Exercise requirements:
From the data below, copy exactly the lines that lie between the one holding "Upplev oöverträffad komfort" and the one holding "Pin-Point | Women", including both, and nothing more.

Exercise data:

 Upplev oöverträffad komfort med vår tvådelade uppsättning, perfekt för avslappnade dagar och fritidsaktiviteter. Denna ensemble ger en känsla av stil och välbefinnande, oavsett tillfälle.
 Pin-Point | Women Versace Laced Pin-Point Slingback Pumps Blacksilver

==

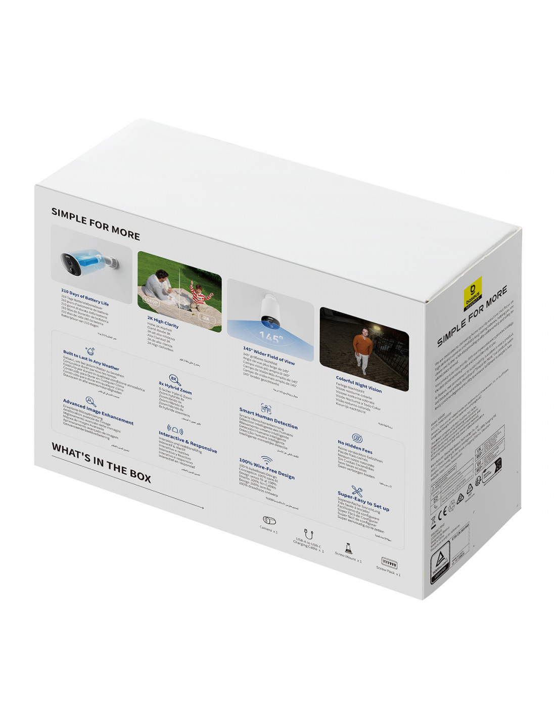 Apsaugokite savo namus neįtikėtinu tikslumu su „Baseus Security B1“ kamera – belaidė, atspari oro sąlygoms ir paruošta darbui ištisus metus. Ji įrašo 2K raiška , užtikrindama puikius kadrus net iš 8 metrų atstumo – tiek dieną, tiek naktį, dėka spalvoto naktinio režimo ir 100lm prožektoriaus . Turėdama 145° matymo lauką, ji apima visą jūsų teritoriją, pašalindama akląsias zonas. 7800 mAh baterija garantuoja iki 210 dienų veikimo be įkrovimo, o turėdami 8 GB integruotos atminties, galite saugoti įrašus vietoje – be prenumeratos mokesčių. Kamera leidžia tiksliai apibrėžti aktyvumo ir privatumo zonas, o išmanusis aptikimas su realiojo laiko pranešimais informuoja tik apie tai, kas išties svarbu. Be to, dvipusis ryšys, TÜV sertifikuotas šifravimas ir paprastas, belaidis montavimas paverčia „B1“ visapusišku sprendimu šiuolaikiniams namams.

Response area:
 Upplev oöverträffad komfort med vår tvådelade uppsättning, perfekt för avslappnade dagar och fritidsaktiviteter. Denna ensemble ger en känsla av stil och välbefinnande, oavsett tillfälle.
 Pin-Point | Women Versace Laced Pin-Point Slingback Pumps Blacksilver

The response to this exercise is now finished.